> _Work instructions_
Leave the pictures out and repeat the rest of the data below exactly.

> _Material for this exercise_
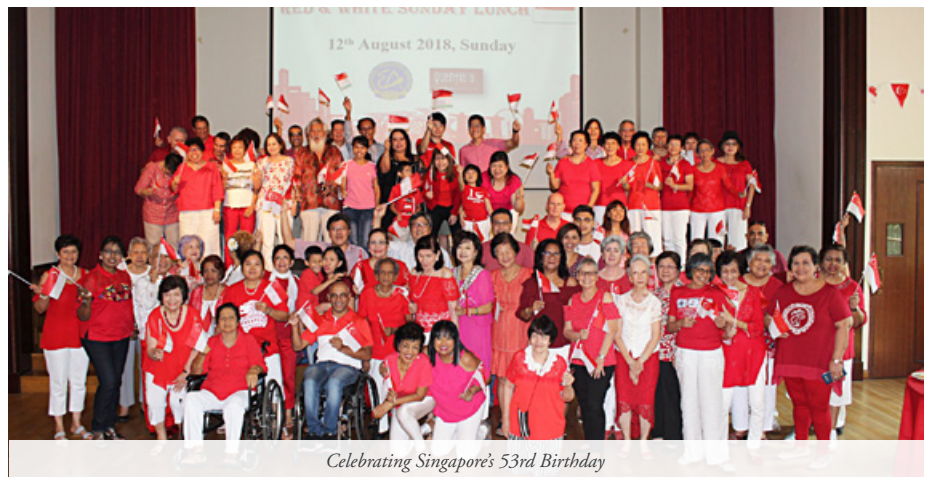
Celebrating Singapore's 53rd Birthday

Decked out in patriotic red and white, more than 100 EA members and guests enjoyed a lunch of multi-racial cuisine prepared by Quentin's Eurasian Restaurant, in celebration of Singapore's 53rd birthday.
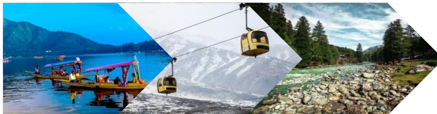
DAL LAKE SRINAGAR
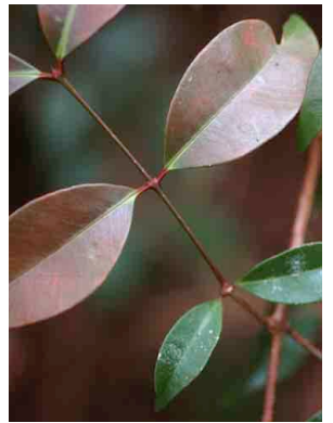
20 Syzygium sp. MYRTACEAE
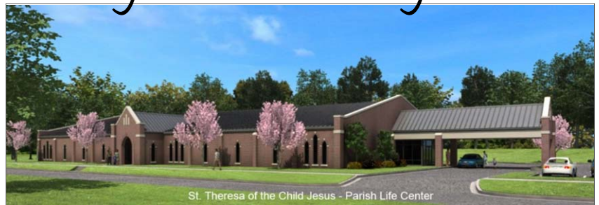
St. Theresa of the Child Jesus - Parish Life Center

> _Solution to this exercise_
Celebrating Singapore's 53rd Birthday

Decked out in patriotic red and white, more than 100 EA members and guests enjoyed a lunch of multi-racial cuisine prepared by Quentin's Eurasian Restaurant, in celebration of Singapore's 53rd birthday.
DAL LAKE SRINAGAR
20 Syzygium sp. MYRTACEAE
St. Theresa of the Child Jesus - Parish Life Center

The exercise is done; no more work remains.